I got up from the computer and walked to my son's room. Since we'd put the loft in his room, I could look in on him sleeping any more. So I looked in on the room that represented him. It was less a mess than normal. My wife had spent time over the Christmas vacation weeding out the things that a boy doesn't need any more once he turns seven. My son didn't care about such an activity. After all, there were important things that a seven-year-old boy needed to do. Maybe more important, in the long run, than cleaning up his room.

I pulled the door shut and glanced in on my daughter. For once, her room was clean. It had been a battle for her. She'd started middle school in the fall, and it was academically demanding. On some nights, she'd do homework until after eleven. And she was still swimming. And she was going to youth group. And she was still involved a little bit in Girl Scouts. In the past year, she'd grown from a sweet girl to a blossoming young women, filled with doubts and confidence. She was learning what she couldn't do, but more important, she was learning what she could do.

She might have a chance, I thought, to get past her equivalent of the plate of spaghetti.
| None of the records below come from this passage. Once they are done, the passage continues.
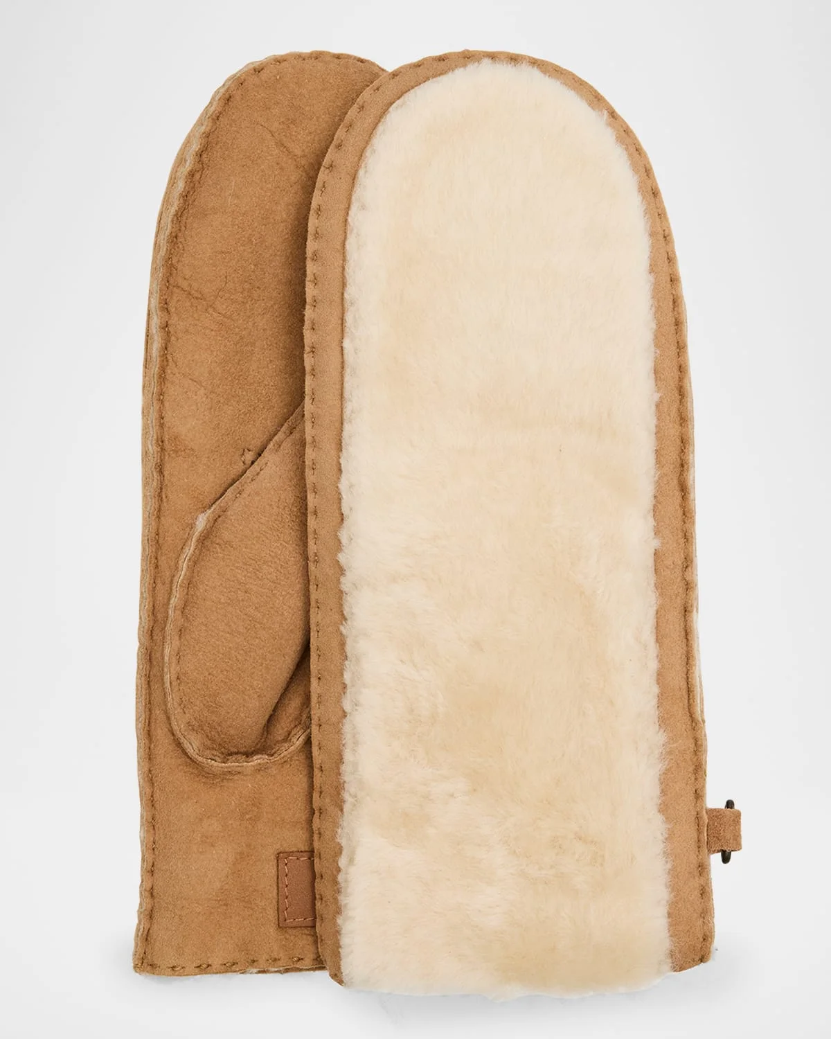 UGG mittens with exposed shearling (China) Features tonal stitching and logo patch Shearling Professional cleaning recommended, spot clean Imported
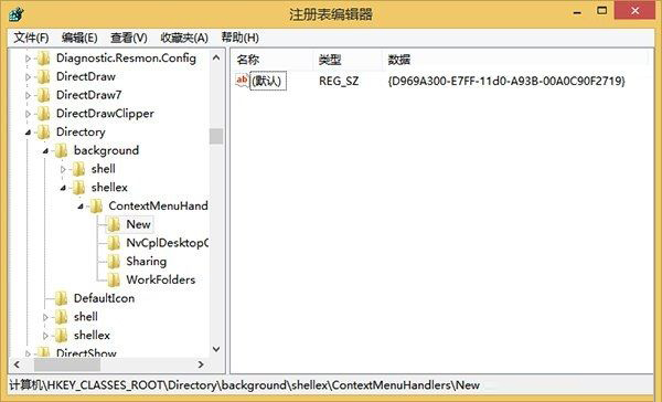 2.展开“HKEY_CLASSES_ROOTDirectoryBackgroundshellexContextMenuHandlersNew”键值;
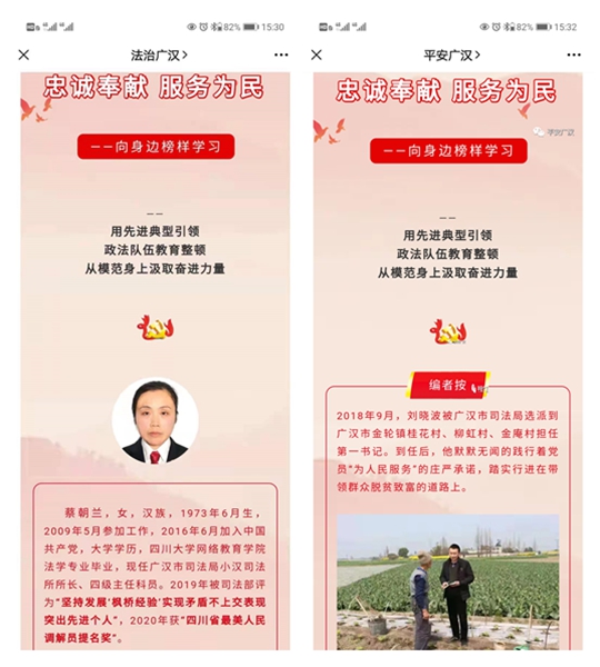 树立先进标杆。对标先进找差距,比学赶超提质效。选树一名平凡英雄刘晓波、一名工作先进蔡朝兰,在“法治广汉”微信公众号、“广汉司法”微博予以宣传。在每周的理论学习中,安排学习一位先进人物事迹,现已学习了黄继光、德阳最早的党员萧朴生、“全国模范法官”周春梅、人民英雄阿真能周先进事迹,引导干部要把榜样精神力量转化为开展工作的动力,用实际行动践行“两个维护”,以“三牛精神”激励新征程。
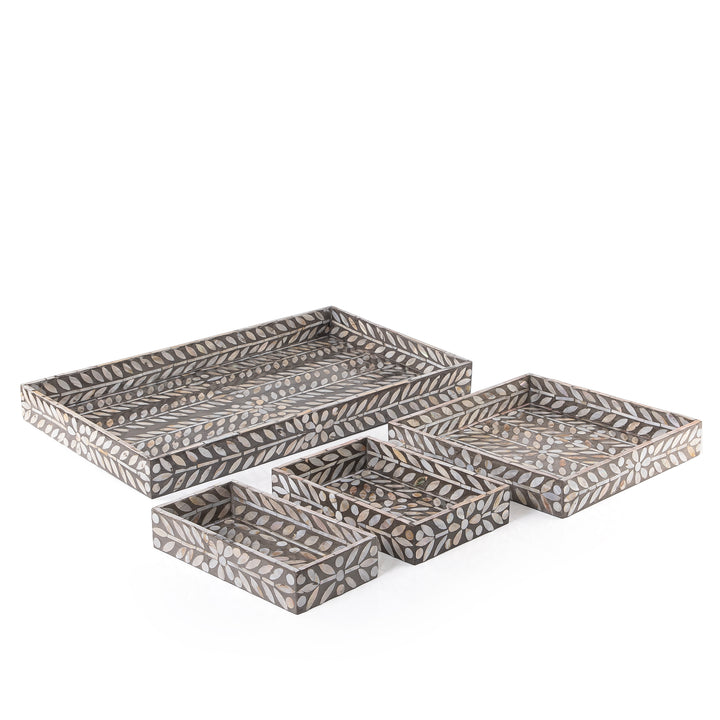 Elevate your home organization with this sophisticated mother-of-pearl tray set. Featuring four graduated sizes in elegant grey , each piece showcases the lustrous, iridescent finish characteristic of premium mother-of-pearl. Perfect for displaying jewelry, organizing desk essentials, or serving refreshments, these versatile trays combine functionality with refined aesthetics. The natural variations in each tray's pearlescent surface ensure every set is uniquely beautiful. An ideal addition to contemporary or traditional interiors seeking understated luxury.
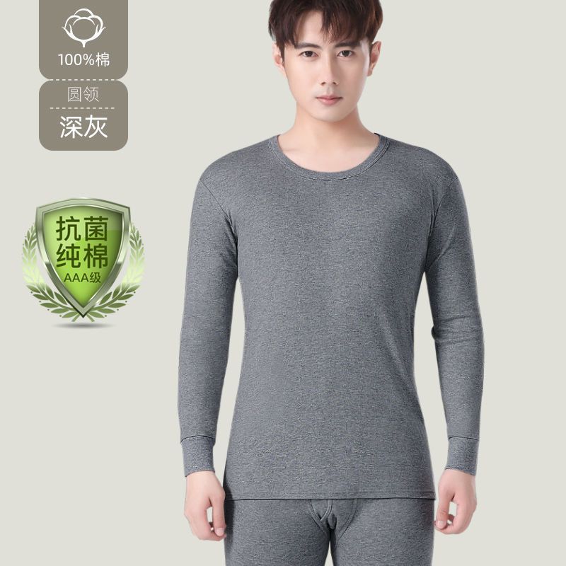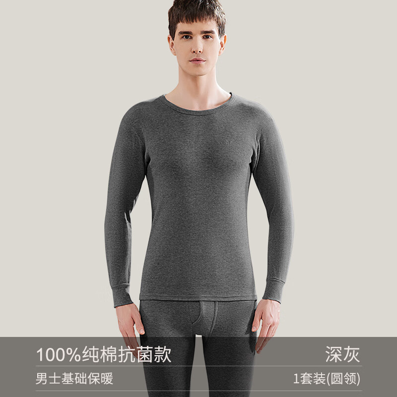 恒源祥保暖内衣女士纯棉毛衫薄款棉打底衫秋衣秋男裤套装秋冬季_796_92 180/2XL 【圆领男款】深灰
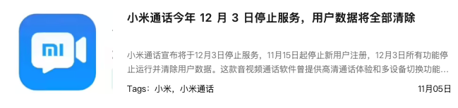 最近小米通话发布了个公告,表示将于 2025年12月3日停止服务。
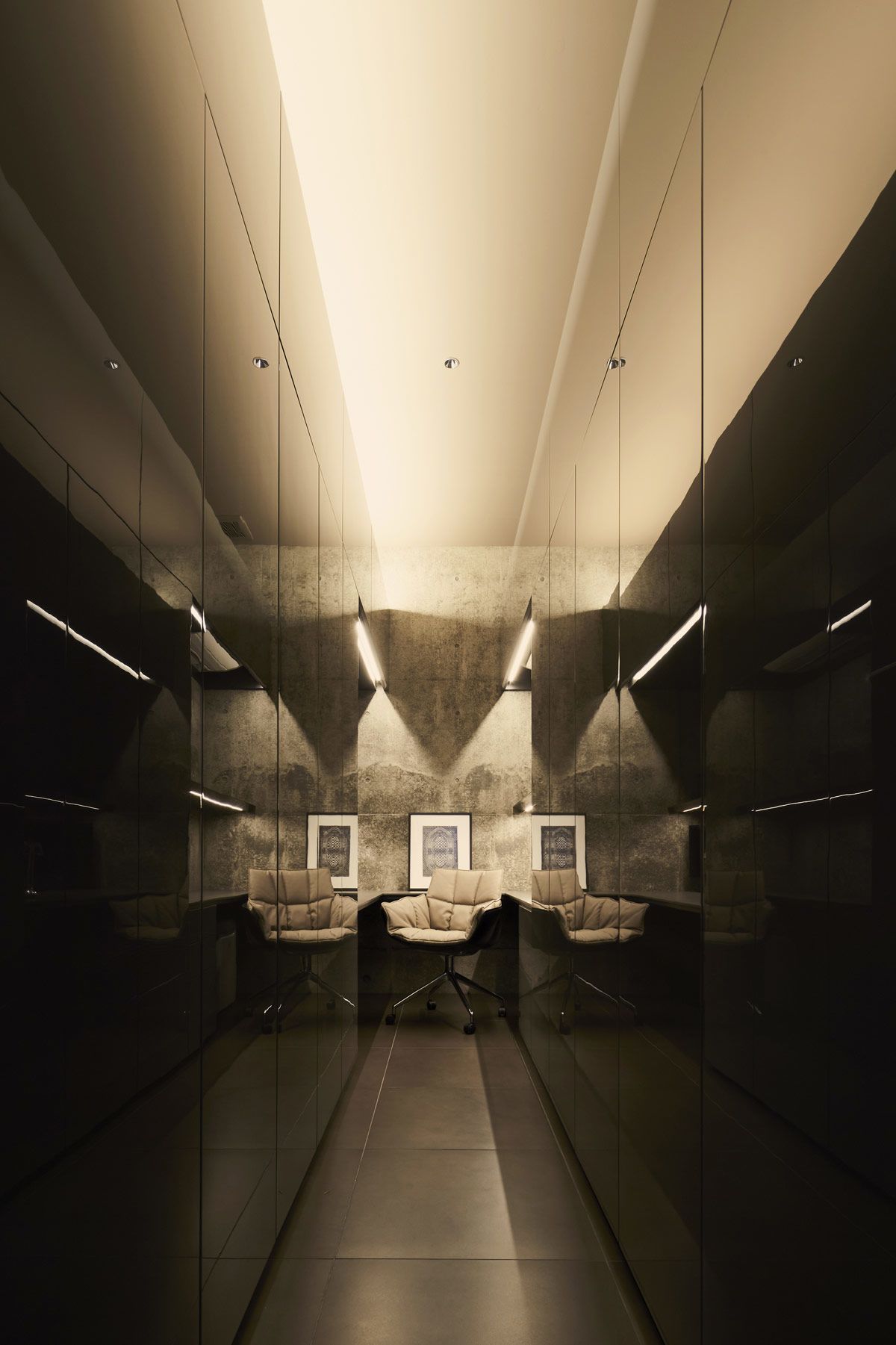 Another strip of LEDs marks the top of the bespoke cabinets that connect the two living spaces.

Then I looked in on my wife, sleeping soundly until the alarm sounded in a few minutes. She hated to get up early, and yet she did. Every day. And the first thing she would do is to wake up my daughter. I'd have told her to get an alarm clock. But my wife went in every morning and laid down on the bed next to her and eased her out of bed. In order to get the bus at 6:05, she needed to be up before 5:30. It was a heavy cross to bare for one so young, and yet she did it mostly without complaint. And my wife got up early with her, even when she was dead tired, mostly without complaint.

I went back in the room I use more or less as an office. A fortress of solitude is more like it.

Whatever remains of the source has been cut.